### What you are asked to do
Restate all the lines below word for word, but omit the pictures.

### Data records
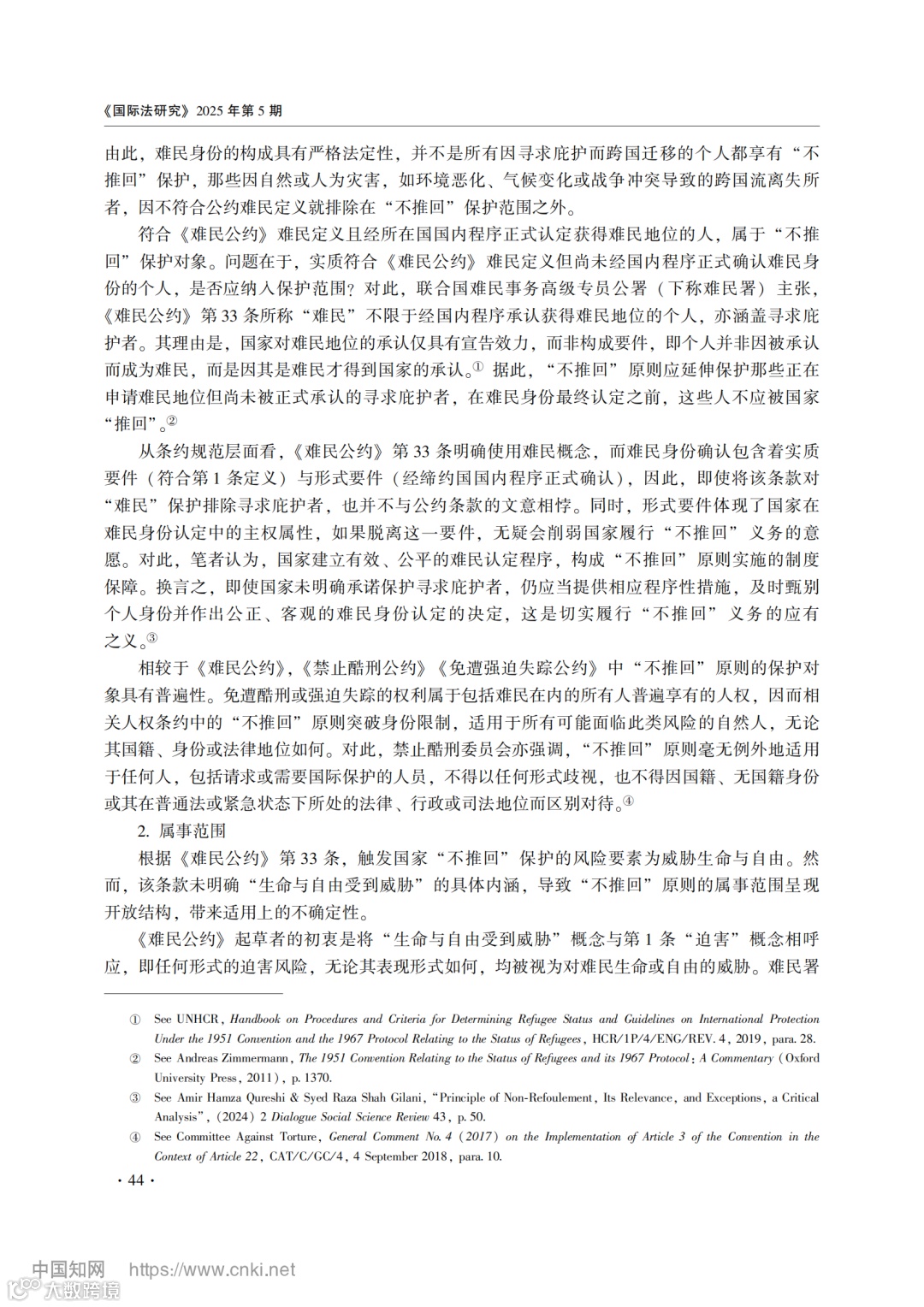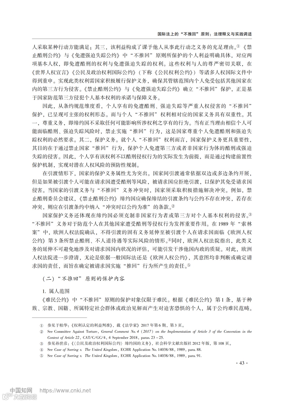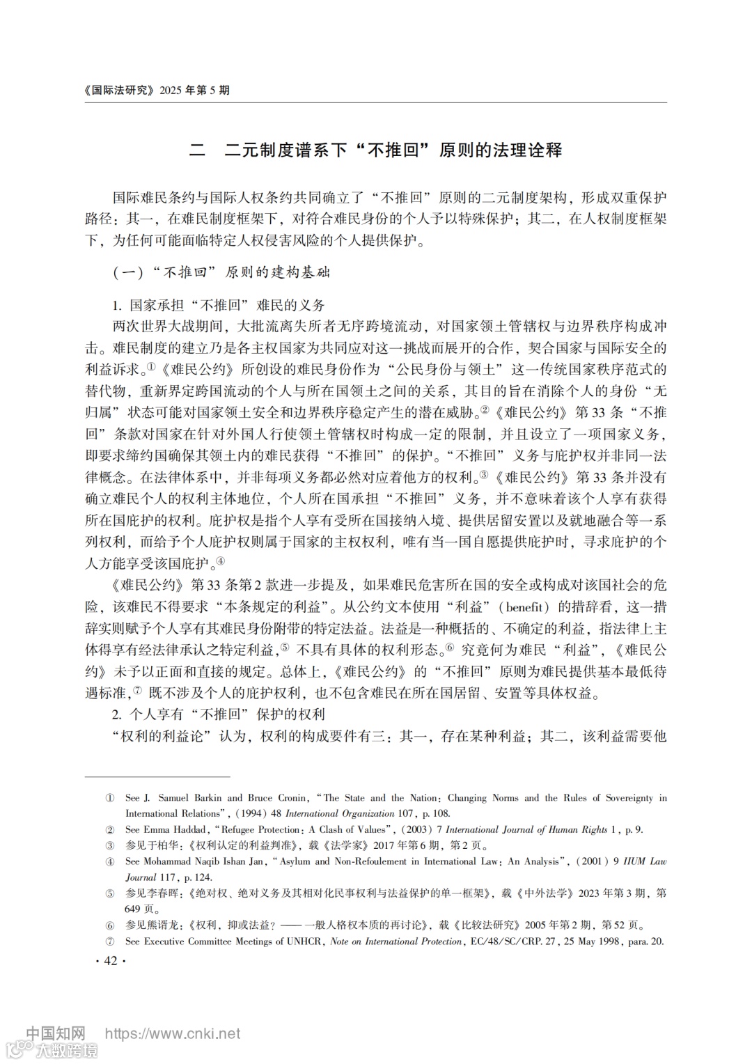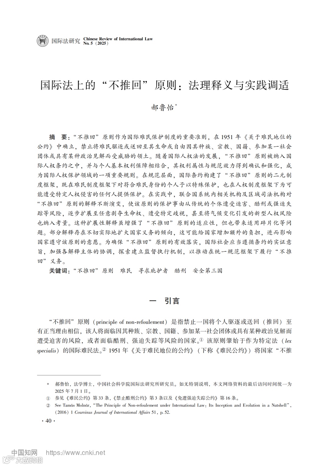 来源:郝鲁怡:《国际法上的“不推回”原则:法理释义与实践调适》,《国际法研究》2025年第5期。
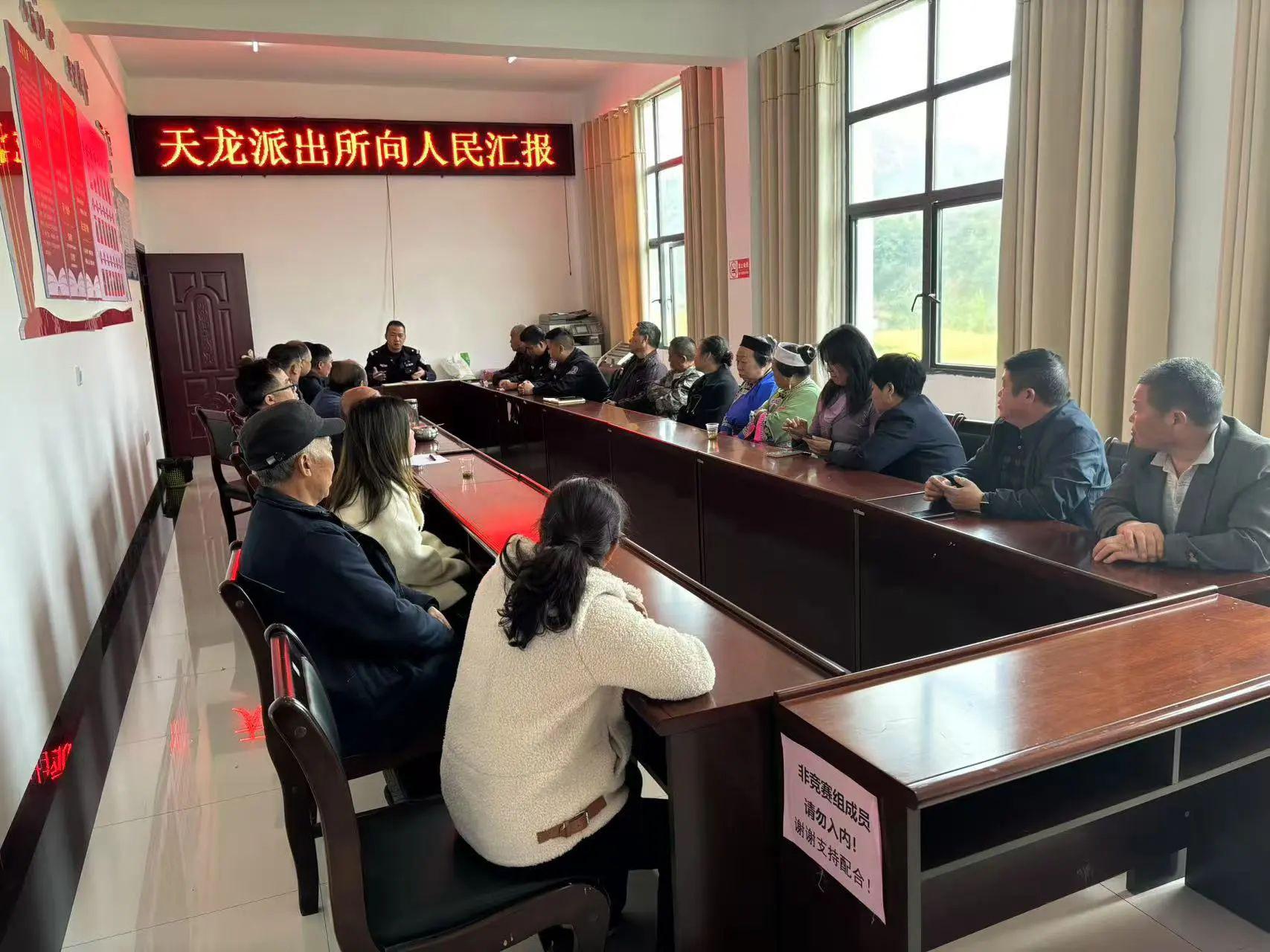 為深化警民聯(lián)動(dòng)機(jī)制,推進(jìn)平安建設(shè)提質(zhì)增效,近日,貴州省安順市平壩區(qū)公安局天龍派出所在天龍鎮(zhèn)天龍村開展“向人民匯報(bào)”警民懇談活動(dòng)。政府相關(guān)部門代表、村委干部、個(gè)體工商戶及群眾代表等30余人齊聚一堂,共話轄區(qū)治安治理新成效,共謀平安建設(shè)新路徑。
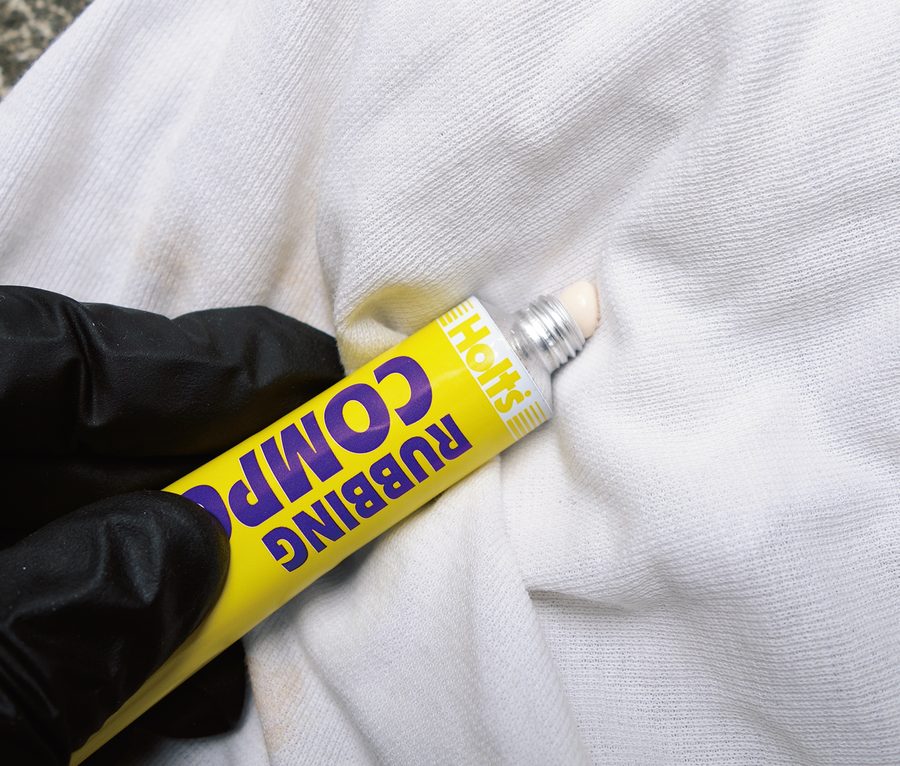 塗装面や樹脂製のパーツは、コンパウンドで汚れ落とし&磨き。
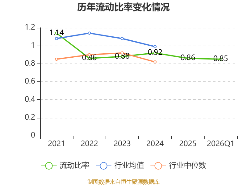 2026年第一季度,公司流动比率为0.85,速动比率为0.79。
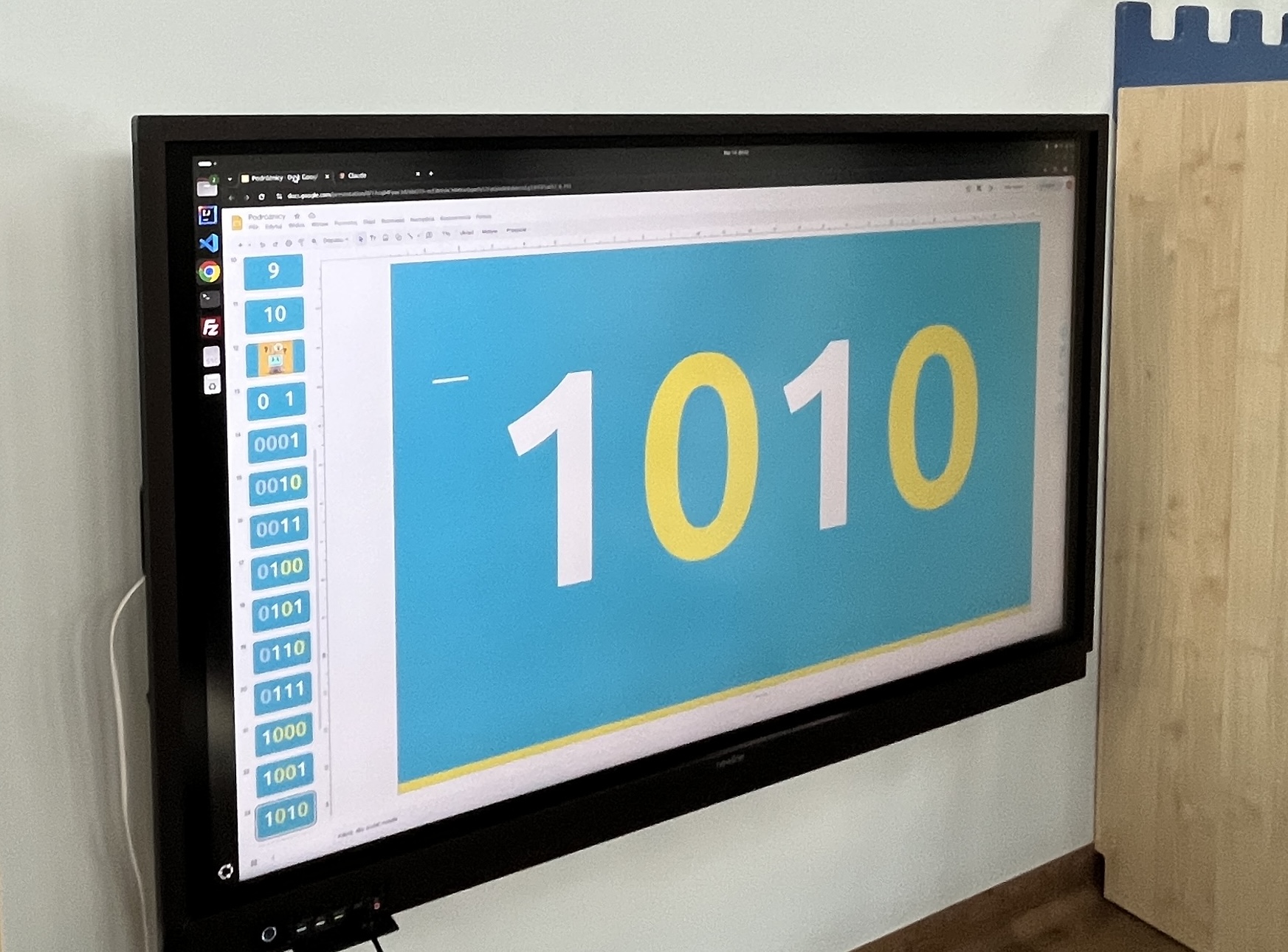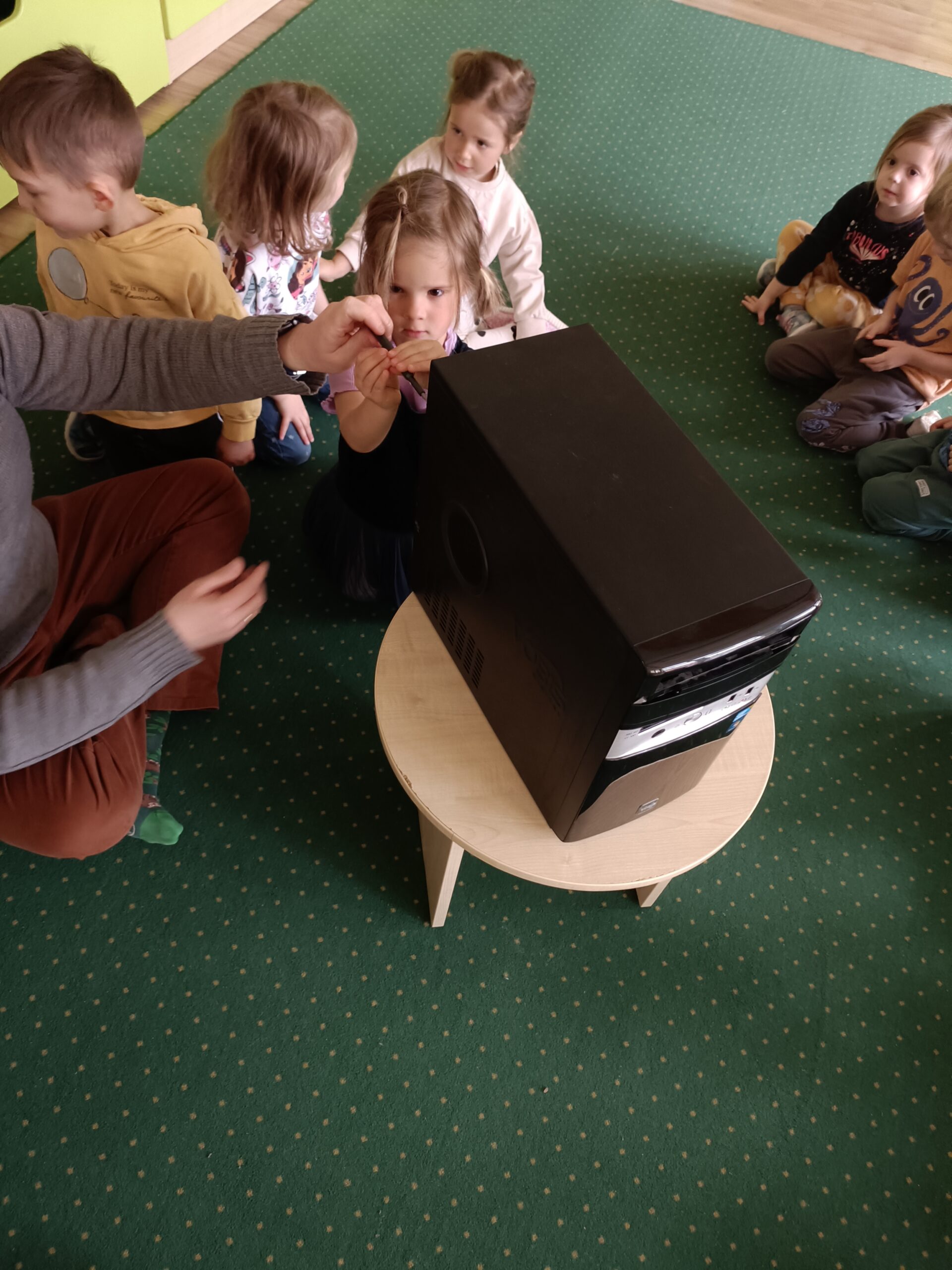 Podróżnicy również gościli na zajęciach  tatę informatyka. Podczas spotkania dowiedzieli się jak działa komputer. Przedszkolaki przeliczały do 10 oraz wspak a następnie poznały ‘komputerowe’ cyfry. Dowiedziały się, że każdy obraz, dźwięk a nawet litery zapisane są kodem przy pomocy zer i jedynek. Oglądały płytę główną komputera oraz bawiły się z klawiaturą. Miały okazję rozmawiać z lokalnym modelem językowym oraz z czatem GP
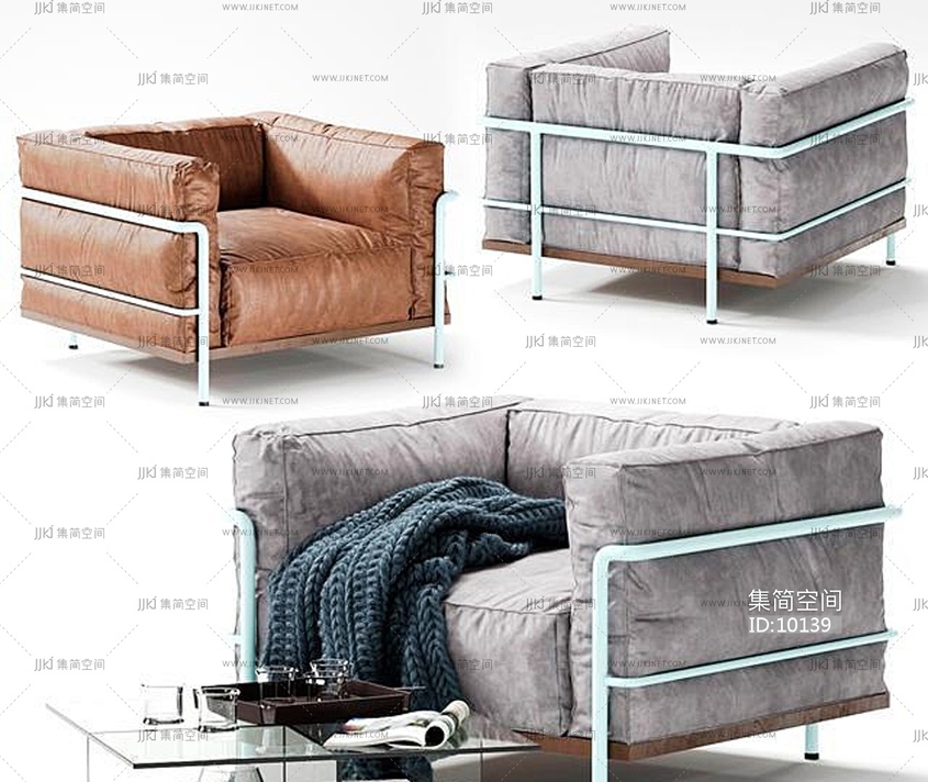 06-现代单人沙发组合国外 3d模型下载 [模型ID:10139]

### Exercise answer
 来源:郝鲁怡:《国际法上的“不推回”原则:法理释义与实践调适》,《国际法研究》2025年第5期。
 為深化警民聯(lián)動(dòng)機(jī)制,推進(jìn)平安建設(shè)提質(zhì)增效,近日,貴州省安順市平壩區(qū)公安局天龍派出所在天龍鎮(zhèn)天龍村開展“向人民匯報(bào)”警民懇談活動(dòng)。政府相關(guān)部門代表、村委干部、個(gè)體工商戶及群眾代表等30余人齊聚一堂,共話轄區(qū)治安治理新成效,共謀平安建設(shè)新路徑。
 塗装面や樹脂製のパーツは、コンパウンドで汚れ落とし&磨き。
 2026年第一季度,公司流动比率为0.85,速动比率为0.79。
 Podróżnicy również gościli na zajęciach  tatę informatyka. Podczas spotkania dowiedzieli się jak działa komputer. Przedszkolaki przeliczały do 10 oraz wspak a następnie poznały ‘komputerowe’ cyfry. Dowiedziały się, że każdy obraz, dźwięk a nawet litery zapisane są kodem przy pomocy zer i jedynek. Oglądały płytę główną komputera oraz bawiły się z klawiaturą. Miały okazję rozmawiać z lokalnym modelem językowym oraz z czatem GP
 06-现代单人沙发组合国外 3d模型下载 [模型ID:10139]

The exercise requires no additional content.